Sony Corp (Tokyo, Japan) is to take over its mobile phone joint venture with Ericsson (Stockholm, Sweden) for $1.5 billion, as it seeks to exploit its music and video assets to help it catch smartphone leaders such as Apple Inc (Cupertino, Calif., U.S.A.).
The deal to buy out its Swedish partner will enable Sony to better integrate smartphones and other devices with its array of content, from its music label, movie studio and Playstation video games.
"We can more rapidly and more widely offer consumers smartphones, laptops, tablets and televisions that seamlessly connect with one another and open up new worlds of online entertainment," says Sony Chairman Howard Stringer.
Until now Sony's tablets, games and other consumer electronics devices have been kept separate from the phones sold and created by Sony Ericsson.
"Sony is looking to do the same as Apple and meet users' demands through linking various devices with similar interfaces and operating systems," says analyst Nobuo Kurahashi of Mizuho Investors' Securities (Tokyo, Japan). "Smartphones look to become more important products for Sony ... and they will probably become the main device people use to connect to the Internet."
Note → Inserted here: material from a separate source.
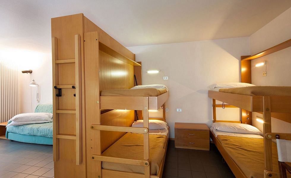106 m² - 1. piętro apartamentu - 1 sypialnia z 3 szafowymi łóżkami piętrowymi, balkon; 2 piętro apartamentu - pokój dzienny z aneksem kuchennym i rozkładaną kanapą dla 2 osób, łazienka, balkon; 3. piętro apartamentu - 2 sypialnie z łóżkiem małżeńskim, 1 sypialnia z 1 lub 2 łóżkami pojedynczymi (na poddaszu), łazienka z wanną, balkon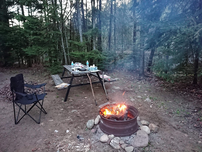 Each site has its own picnic table and fire pit. We offer firewood and ice for sale at the Front Desk.

Smartphone sales have been surging since Apple launched its first iPhone in 2007 and despite a slowdown in the overall consumer electronics market, strong demand is set to continue.
"More and more people are watching content on smartphones. TV is not going to go away, but they watch it on smartphones and they watch it on tablets," says Stringer.
The deal will give Sony ownership of certain handset patents held by Ericsson and will enable it to cut costs in the Sony Ericsson business, with Stringer pointing to savings in operations, R&D and marketing. The takeover of Sony Ericsson by the Japanese group had long been talked of and a source with knowledge of the matter told Reuters this month a deal was in the offing.
"Sony now has all the components to compete with Samsung and Apple. The big question now is ... can it execute?" says Pete Cunningham of consultancy Canalys, adding Japanese company takeovers in Europe and the United States had often struggled. "Based on history I am skeptical, but I would not say it cannot be done."
Founded in 2001, Sony Ericsson employs some 7,500 and last year took around 2% of the global cellphone market with sales of $8.8 billion. Initially it thrived with an array of camera and music phones but it lost out in the smartphone race.
"Sony had to make this deal as it had run out of options, but integration challenges could prove to be a major hurdle," says Ben Wood, head of research at consultancy CCS Insight. "As a major consumer electronics player, lack of mobile assets had become a liability for Sony, particularly when compared with Samsung, whose telecommunication business creates nearly half of its profits."
Ericsson said the deal provides Sony with a broad intellectual property cross-licensing agreement covering all the Japanese company's products and services, as well as ownership of five essential patent families relating to wireless handset technology.